Recursive Robust PCA or Recursive Sparse Recovery in Large but Structured Noise

This paper studies the recursive robust principal components analysis problem. If the outlier is the signal-of-interest, this problem can be interpreted as one of recursively recovering a time sequence of sparse vectors, S-t, in the presence of large but structured noise, L-t. The structure that we assume on L-t is that L-t is dense and lies in a low-dimensional subspace that is either fixed or changes slowly enough. A key application where this problem occurs is in video surveillance where the goal is to separate a slowly changing background (L-t) from moving foreground objects (S-t) on-the-fly. To solve the above problem, in recent work, we introduced a novel solution called recursive projected CS (ReProCS).
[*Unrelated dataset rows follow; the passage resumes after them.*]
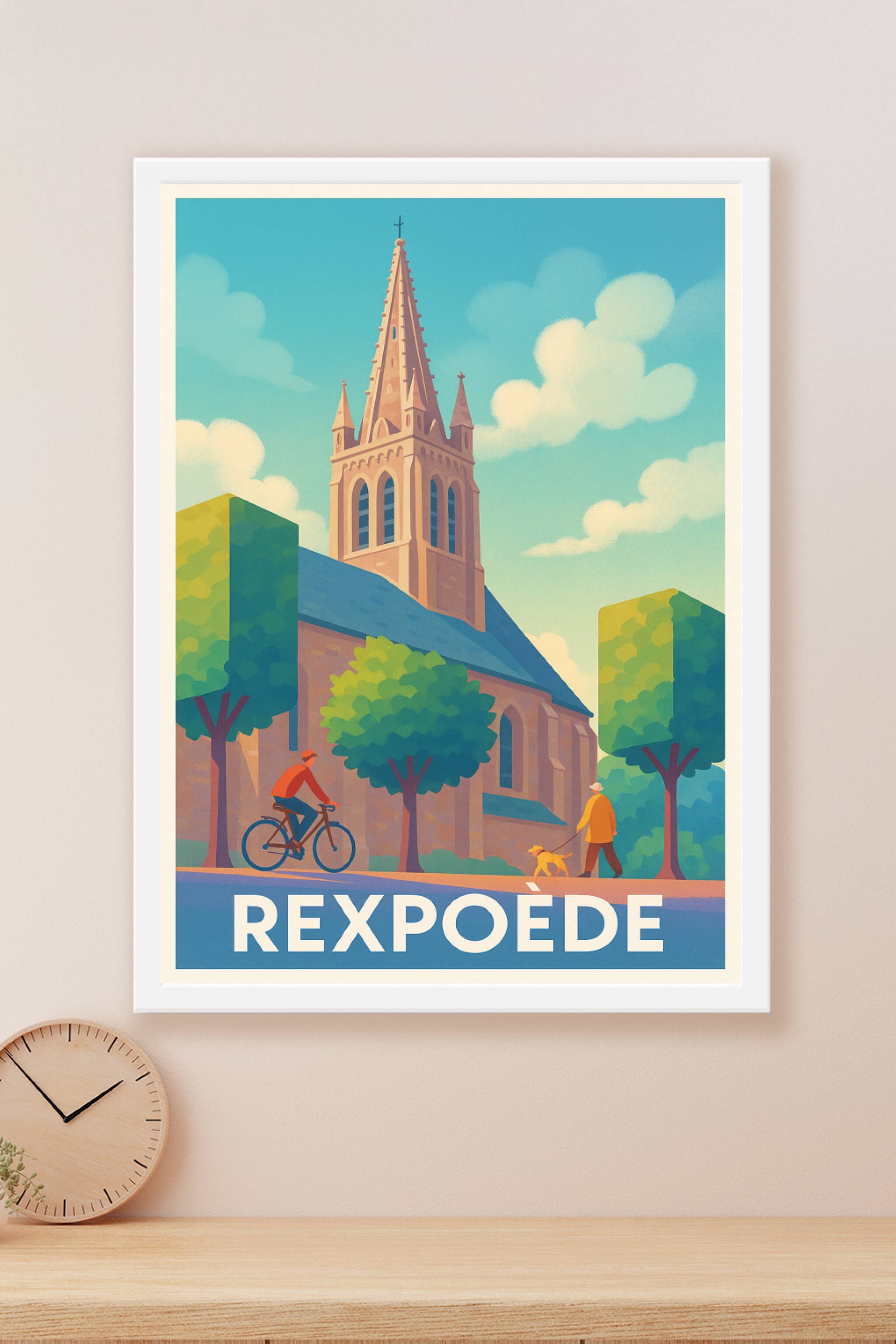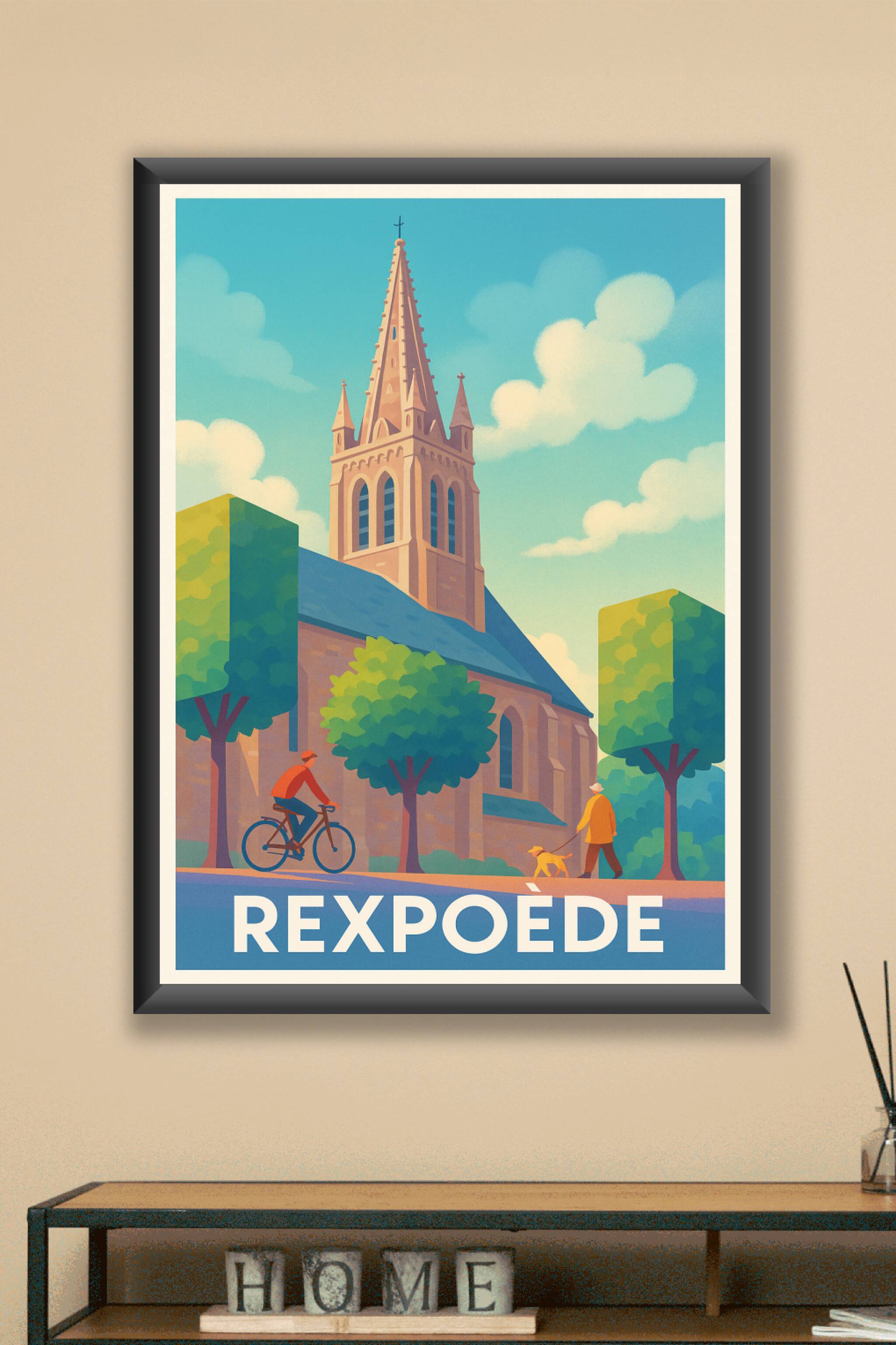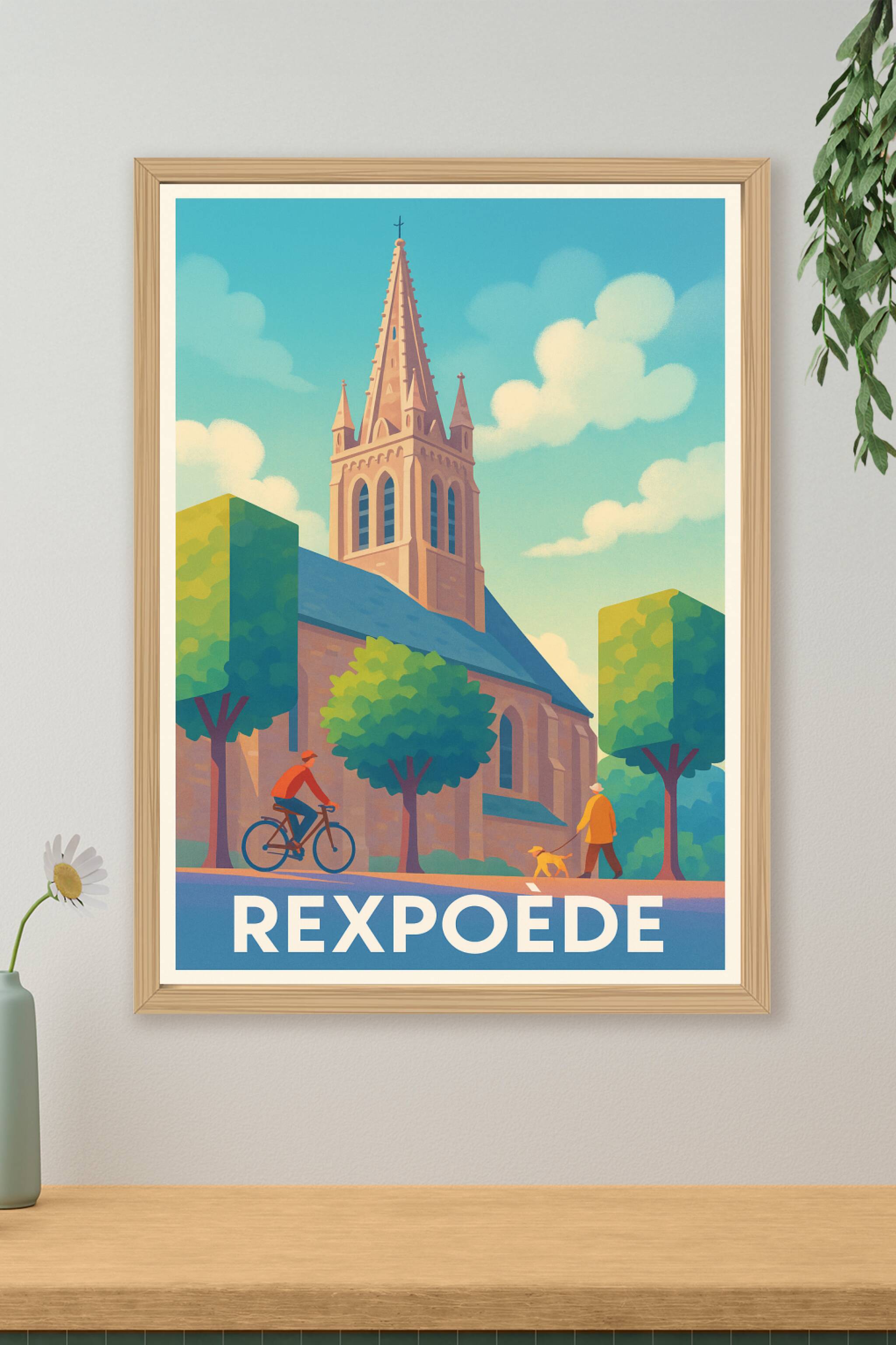 Découvrez l'atmosphère tranquille et authentique de Rexpoëde avec cette superbe affiche illustrée mettant en avant l'église emblématique de la vill...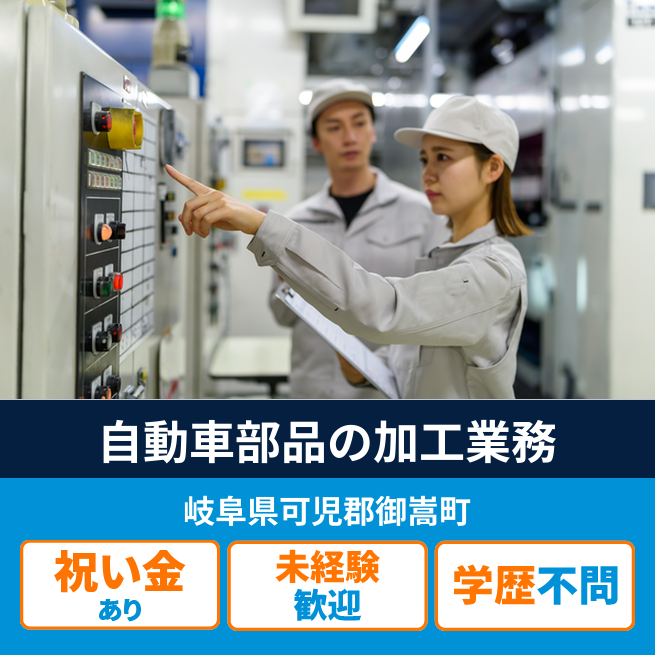 給与詳細 月収例 192,733円 時給例 1,205円 勤務地 岐阜県可児郡御嵩町 仕事内容 自動車部品製造の機械オペレーション
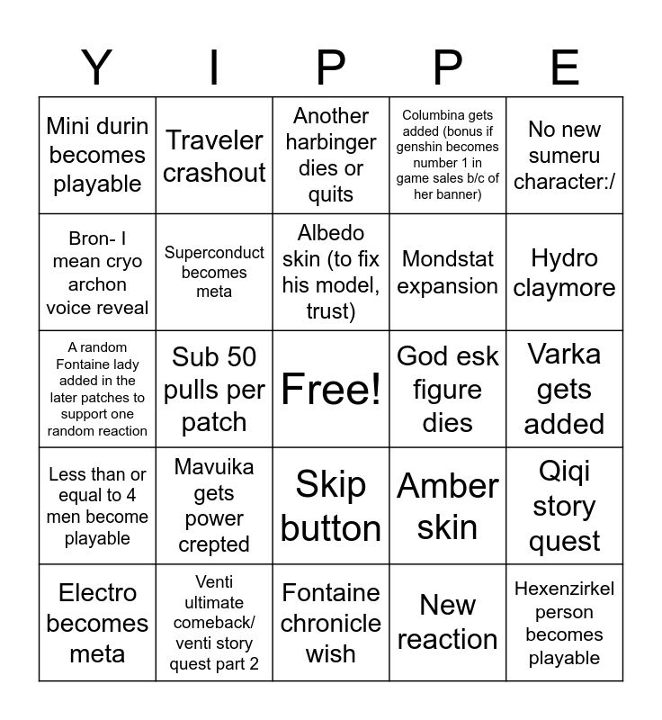 This bingo card has a free space and 24 words: Mavuika gets power crepted, Venti ultimate comeback/ venti story quest part 2, Albedo skin (to fix his model, trust), Electro becomes meta, No new sumeru character:/, Mini durin becomes playable, Bron- I mean cryo archon voice reveal, Traveler crashout, God esk figure dies, Skip button, Mondstat expansion, A random Fontaine lady added in the later patches to support one random reaction, Amber skin, Qiqi story quest, Superconduct becomes meta, New reaction, Varka gets added, Another harbinger dies or quits, Hydro claymore, Sub 50 pulls per patch, Hexenzirkel person becomes playable, Less than or equal to 4 men become playable, Columbina gets added (bonus if genshin becomes number 1 in game sales b/c of her banner) and Fontaine chronicle wish.
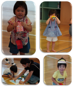 双眼鏡をつくってのぞいたり、サンバイザーをつくって頭にかぶってみたりしました。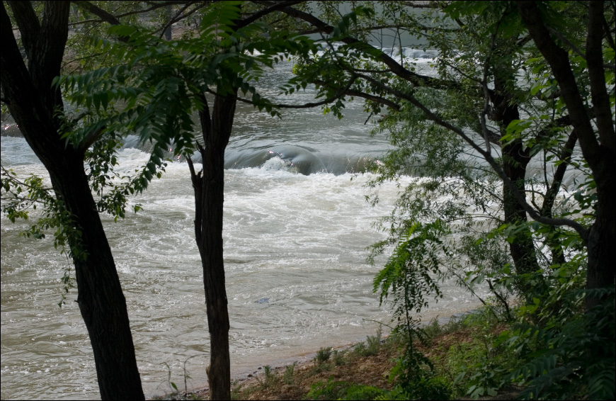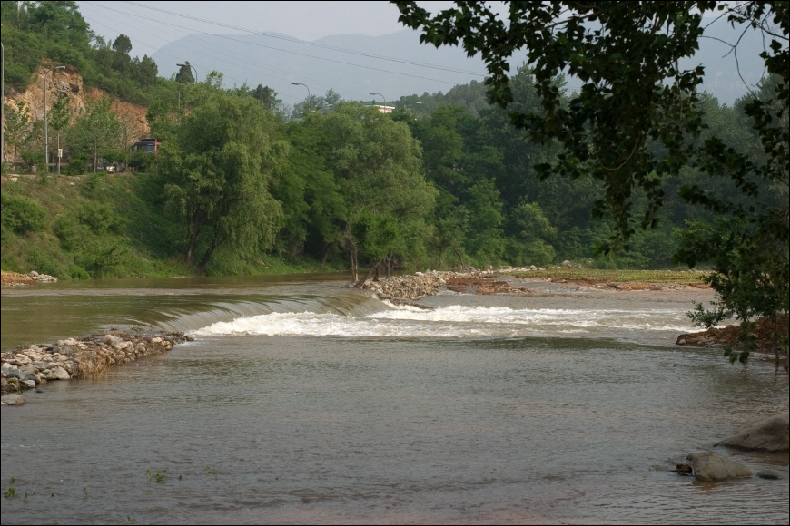 | 后来特意再去看看前次遇雨的丁家滩一带。 这里也一样是波涛滚滚,河中曾有小JL跳来跳去的那些大石头已被河水吞没。 ![]() |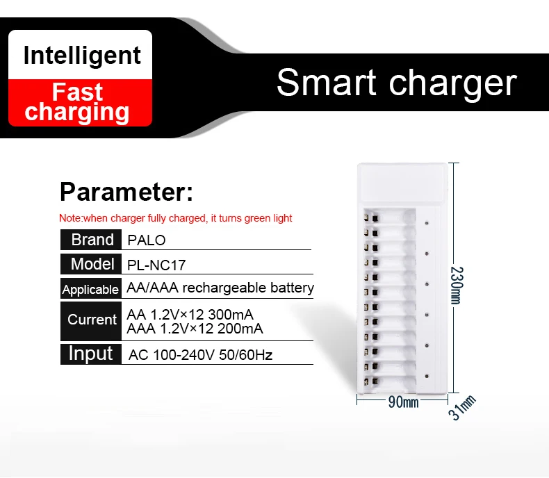 PALO 12 слотов AA зарядное устройство для Ni-MH NI-CD 1.2В AAAAA аккумуляторная батарея светодиодный дисплей Смарт зарядное устройство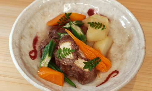 絹揚げ牛モモ巻き煮
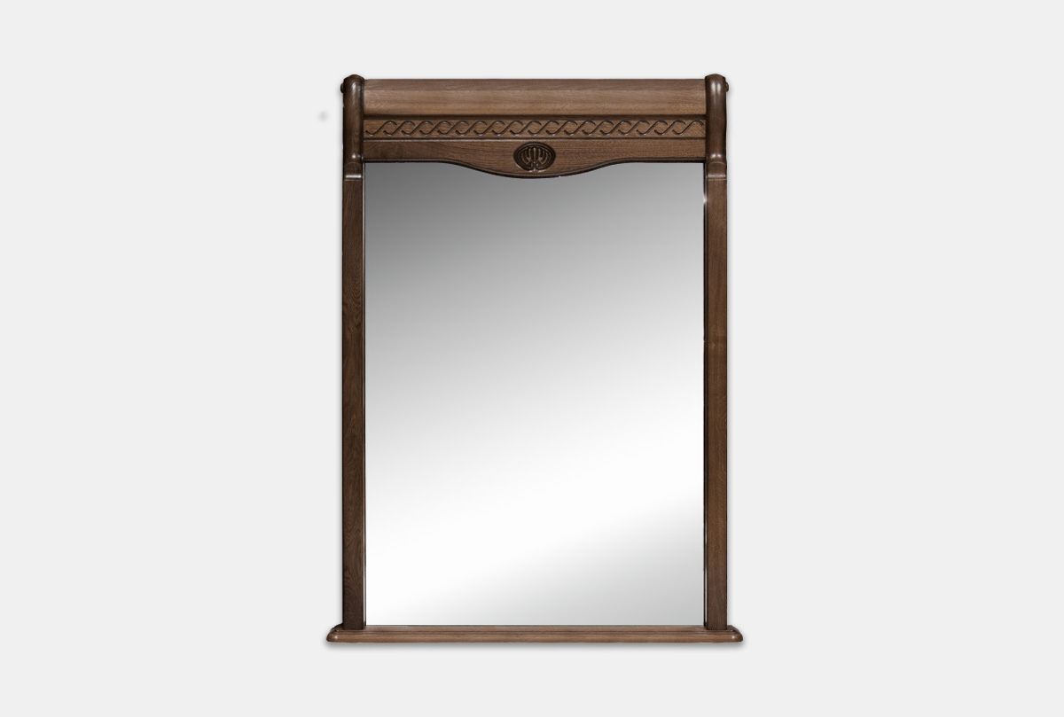 Зеркало из коллекции «Лика» в обрамлении массива дуба – это один из важных элементов дизайна, который будет уместен в любой спальне. Массив дерева тонирован в классический оттенок «табак с тёмной патиной». Конструкция изделия прочная и надёжная, а изящная резьба, которой украшена рама, превращает зеркало в незабываемое творение.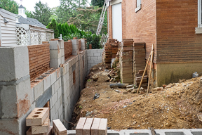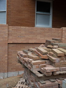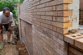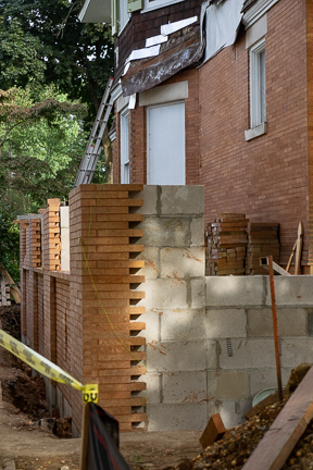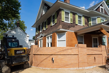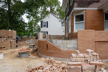 Finally, what we were all waiting for: The Curve. Here you can see a master mason at work. He precisely cut the bricks to create a smooth curve. He also matched the curve to fit the original limestone wall caps.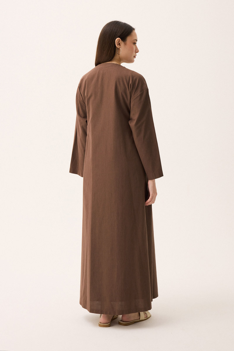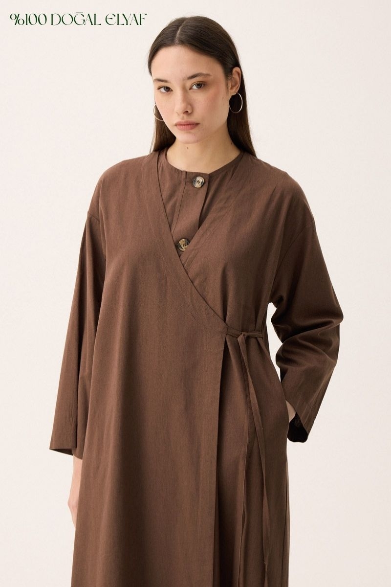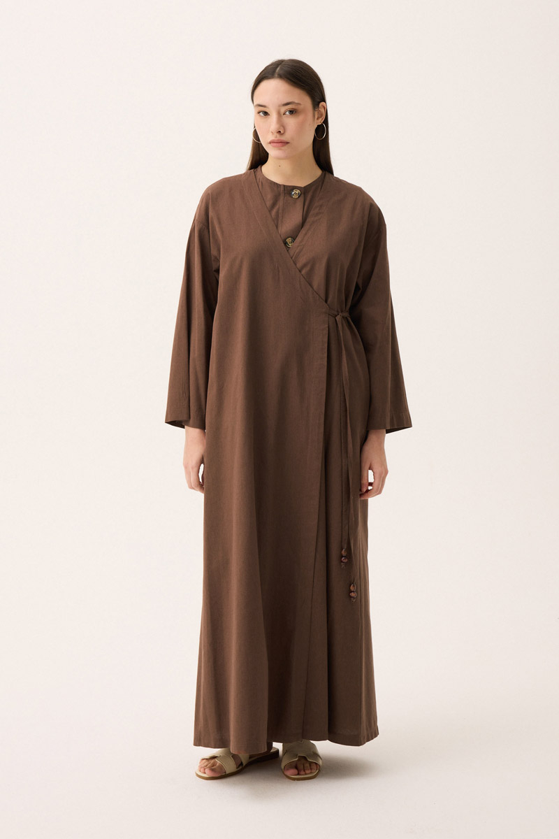 Kruvaze Dehna Abaya Takım Kahverengi. İç elbise bisiklet yakadır, sıfır kolludur, önden süs pat ve düğmelidir, Abaya kruvaze yakadır, yandan bağlamalı tahta boncuk detaylıdır, düşük kolludur, yandan ceplidir, astarsızdır, Günlük kullanım ve özel günlerinizde tercih edebilirsiniz.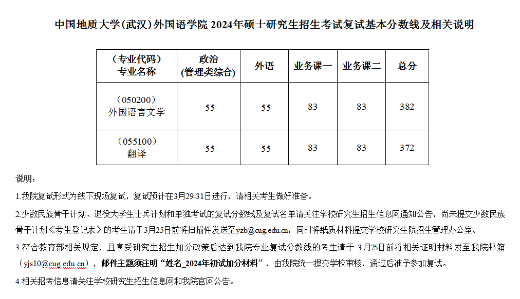 304永利集团 2024年硕士研究生招生考试复试基本分数线及相关说明

In this paper, we develop a simple modification of the original ReProCS idea and analyze it. This modification assumes knowledge of a subspace change model on the L-t's. Under mild assumptions and a denseness assumption on the unestimated part of the subspace of L-t at various times, we show that, with high probability, the proposed approach can exactly recover the support set of S-t at all times, and the reconstruction errors of both S-t and L-t are upper bounded by a time-invariant and small value. In simulation experiments, we observe that the last assumption holds as long as there is some support change of S-t every few frames.